▸ **WHAT YOU HAVE TO DO**:
Word for word, restate the lines from the one holding "[쿠키뉴스=정수익 기자] 금융, 부동산, 바이오" through the last line of the material below, and leave every picture out.

▸ **GIVEN INFORMATION**:
*** Begin section ***
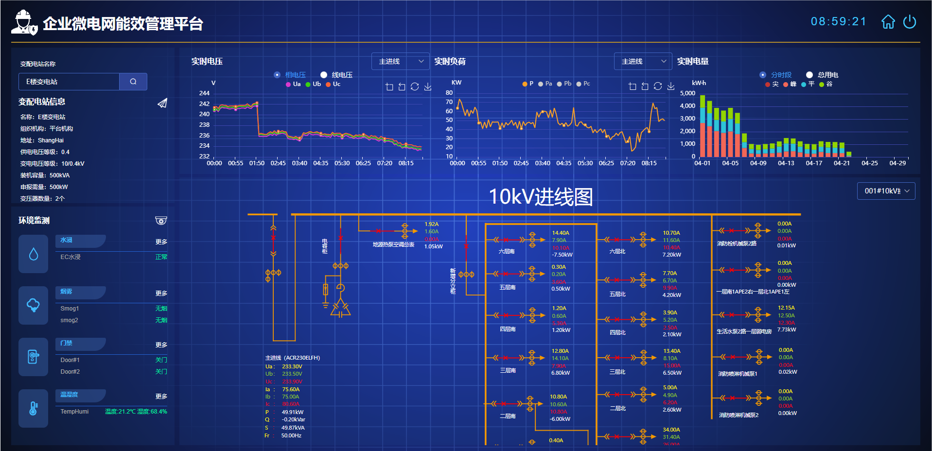 平臺可實(shí)時(shí)監(jiān)測變電所內(nèi)變壓器、各配電回路的運(yùn)行情況,并記錄各電力參數(shù)的歷史數(shù)據(jù)。
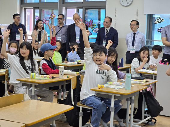 홍콩 교장단이 세종시 해밀초등학교를 방문해 기념사진을 촬영하고 있다.
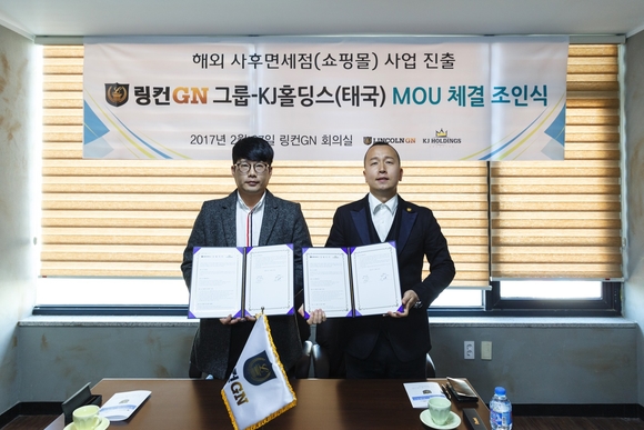 [쿠키뉴스=정수익 기자] 금융, 부동산, 바이오 등 종합투자전문회사인 링컨GN그룹(회장 박경남)은 27일 경기도 용인 본사에서 국내외 교육과 부동산개발 등 투자회사인 KJ홀딩스(대표이사 김용준)와 ‘동남아지역 사후면세점(쇼핑몰) 진출 협력’을 위한 양해각서(MOU)를 체결했다고 밝혔다.
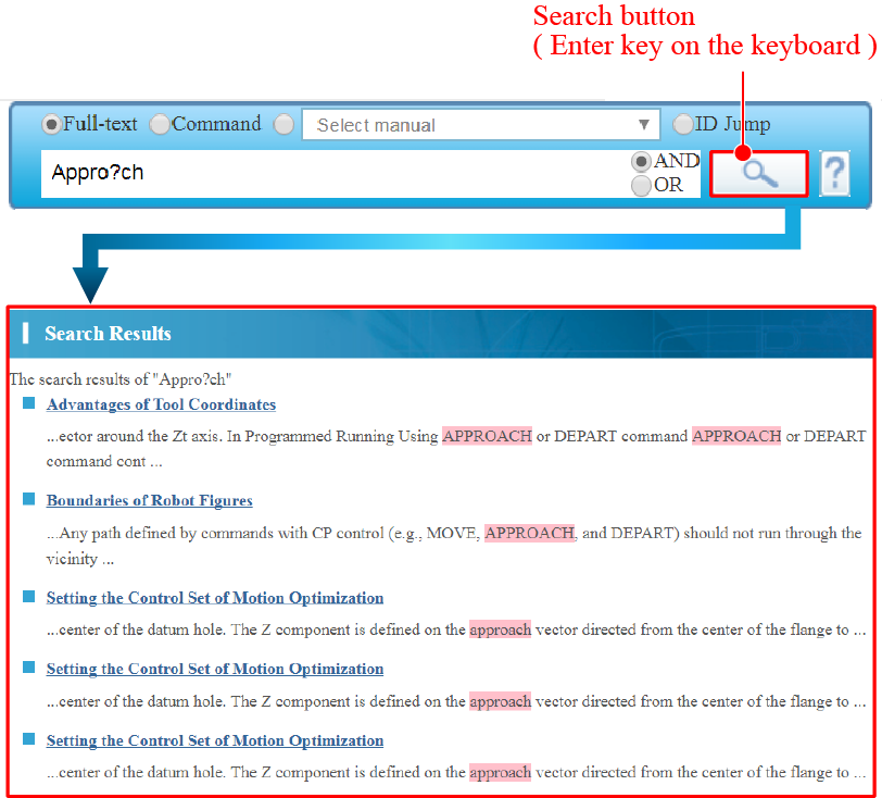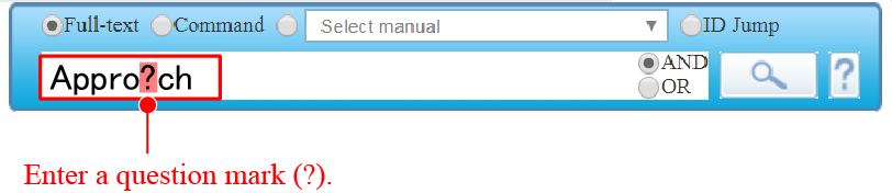 For example, if you are uncertain about a part of spelling of "Approach" command, and think the correct spell is either "Approach" or "Approoch", you can enter "Appro?ch" to search. The search returns contents that include "Appro?ch" which question mark represents any single character.
*** End section ***
▸ **REPLY TO THE EXERCISE**:
 [쿠키뉴스=정수익 기자] 금융, 부동산, 바이오 등 종합투자전문회사인 링컨GN그룹(회장 박경남)은 27일 경기도 용인 본사에서 국내외 교육과 부동산개발 등 투자회사인 KJ홀딩스(대표이사 김용준)와 ‘동남아지역 사후면세점(쇼핑몰) 진출 협력’을 위한 양해각서(MOU)를 체결했다고 밝혔다.
 For example, if you are uncertain about a part of spelling of "Approach" command, and think the correct spell is either "Approach" or "Approoch", you can enter "Appro?ch" to search. The search returns contents that include "Appro?ch" which question mark represents any single character.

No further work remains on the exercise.